───── Supplied records ─────

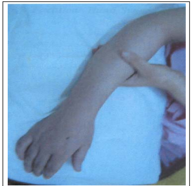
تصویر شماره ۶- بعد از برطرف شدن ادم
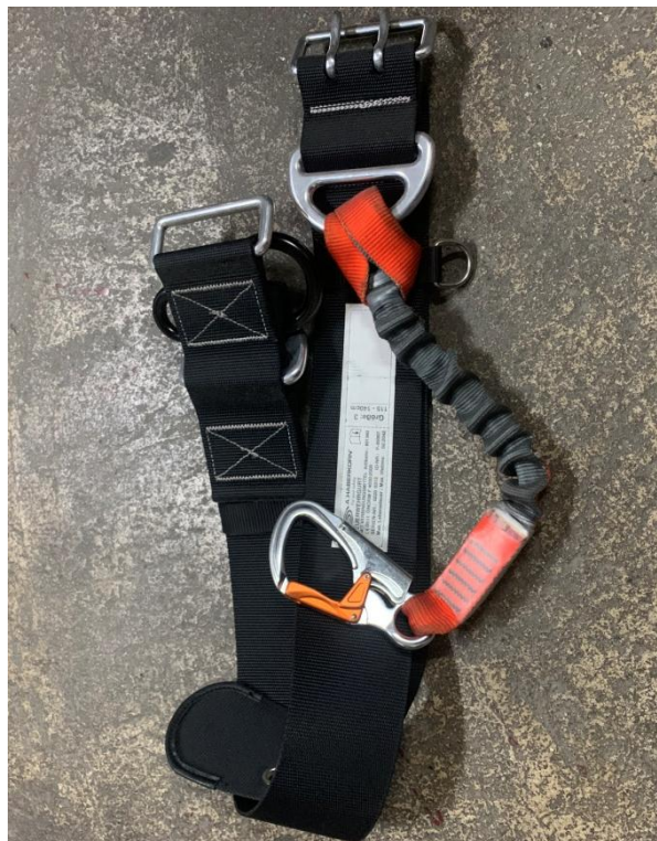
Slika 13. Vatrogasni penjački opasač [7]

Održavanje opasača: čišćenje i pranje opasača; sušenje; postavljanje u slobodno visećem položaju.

─────
───── Supplied records ─────

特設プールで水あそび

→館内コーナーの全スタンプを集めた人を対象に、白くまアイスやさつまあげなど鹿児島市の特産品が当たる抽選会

─────
───── Supplied records ─────

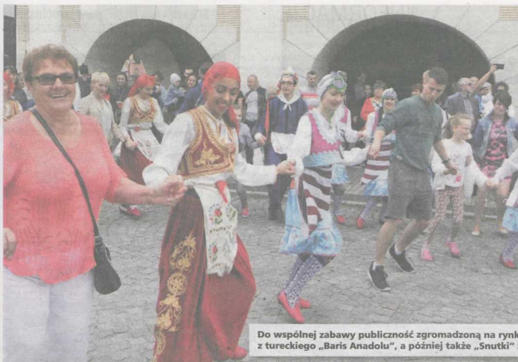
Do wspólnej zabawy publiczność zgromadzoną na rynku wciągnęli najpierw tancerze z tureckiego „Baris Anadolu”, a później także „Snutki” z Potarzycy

─────

Print nothing but the lines above starting with the line that contains "تصویر شماره ۶- بعد از برطرف شدن ادم" and going on through the line that contains "Održavanje opasača: čišćenje". Leave out the pictures.

تصویر شماره ۶- بعد از برطرف شدن ادم
Slika 13. Vatrogasni penjački opasač [7]

Održavanje opasača: čišćenje i pranje opasača; sušenje; postavljanje u slobodno visećem položaju.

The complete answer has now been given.